『だいたい、なんで下の連中をわざわざ呼んだんだ。』
 ちなみに、こいつは俺より、はるかに強い。

距離をつめることすらできない。

『アルベルトに惨敗したじゃない。』
 ピシッと言い放つ。

なんか、ジャスティンに対しては、ナナは厳しい。

昔、変なことでもされたんだろうか。

『だが、こいつよりはまともに戦える。』
 たしかに。
『何年も一緒にいて、何度も挑んだのに、1回も勝てなかったの、覚えてないの?』
 さらに追い討ち。
『次は勝つ。前より、さらに強くなった。』
『いつも同じこと言うじゃない。それに、銃じゃ勝てないわ。勝てるとしたら、近距離武器だと思うの。』
『まあ、次に攻めてくるときが楽しみだな。』
 次に攻めてくるってのは、ここ、ネイチャー・クラウピアの王殺害、つまり、ナナの父親を殺しに来るときだ。

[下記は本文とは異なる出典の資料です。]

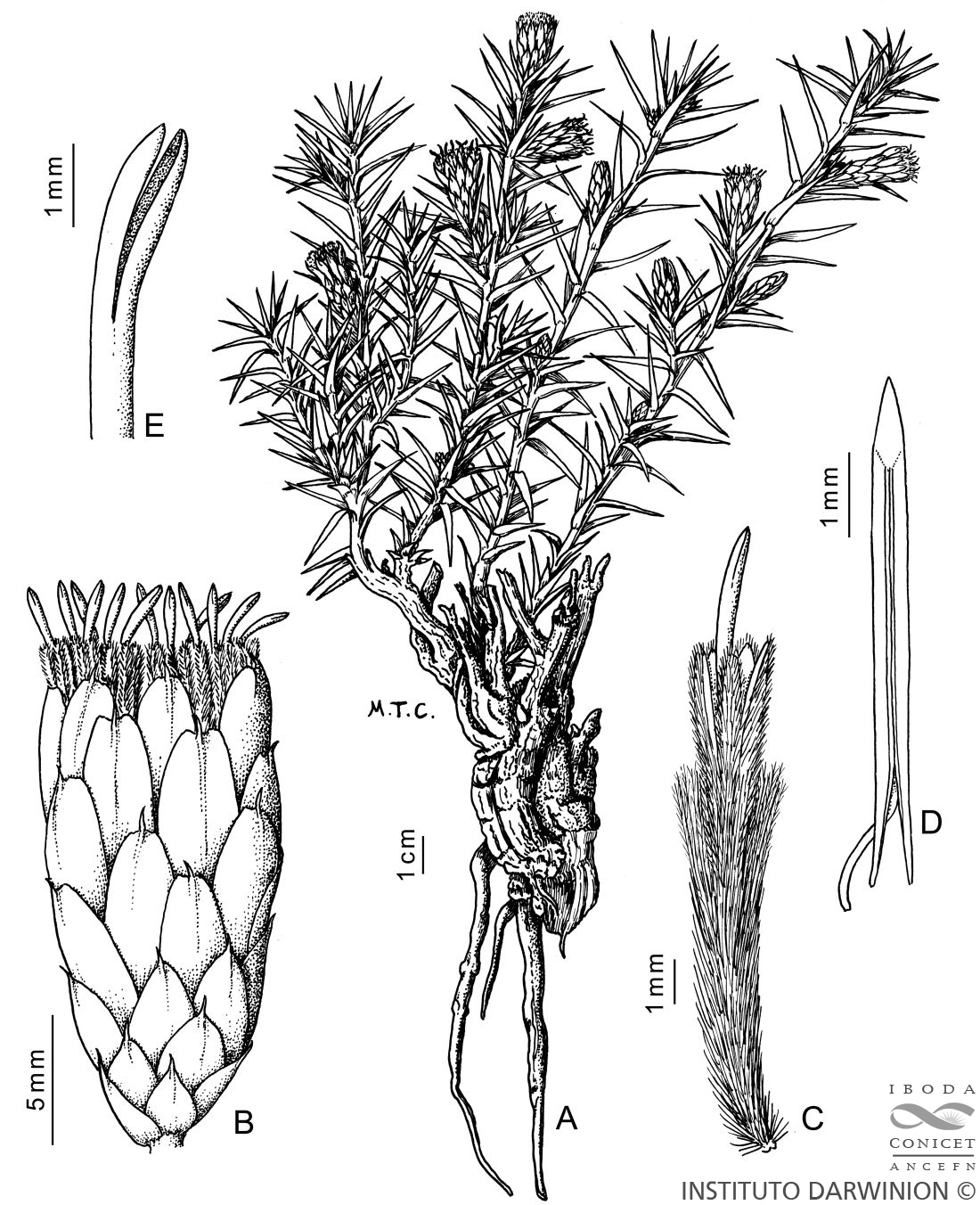 Arbustos de 30-50 cm de alto, intrincado, con ramitas jóvenes amarillentas, pubérulas, sin espinas axilares. Hojas alternas, sésiles, abiertas y rectas, lanceoladas, de 10-25 × 1,5-3 mm, subulado-espinosas en el ápice, involutas, levemente abrazadoras en la base, tomentosas en la haz, glabras y lustrosas en el envés, sin nervios prominentes, con el margen levemente engrosado. Capítulos sésiles, solitarios y terminales en el extremo de las ramitas (a veces seudo-axilares por ser éstas muy cortas). Involucro cilíndrico-turbinado, de 1,3-1,6 × 0,8-1,2 cm; filarios en 4-6 series, amarillos, todos más o menos erectos, fuertemente coriáceo-escariosos, frecuentemente lustrosos, con el margen ciliado a glabro. Flores 12-23, con corola de de 8-10 mm, exteriormente pubescente, sobre todo hacia el ápice, con un segmento más profundo. Aquenios de 3-4 mm de largo. Papus algo más corto que la corola.

すると、証をもつ、アルベルトに王位が継承されるからだ。

『嫌なこと言わないでよ!』
『だが、時間はなさそうだってのはわかってるだろ?』
『………』
 時間がないのか…

なら、俺は…

もっと、もっと、はやく、強くならなきゃいけない。

俺は双剣を手に持つ。

『踏み込み右上げ!』
 また踏み込み…
『さらに左上げ!』
 左足を軸にして回転して…
『双閃撃!』
 双剣を平行に突き上げる。
『ナナ嬢の兄貴はそんなの、5歳でできたぞ。』
 ジャスティンはそういい残して、膝まである黒いコートを翻し、歩いていった。

ムカつく…

けど。

やるしかない。

『円斬!』
 回転しながら、攻撃する技だ。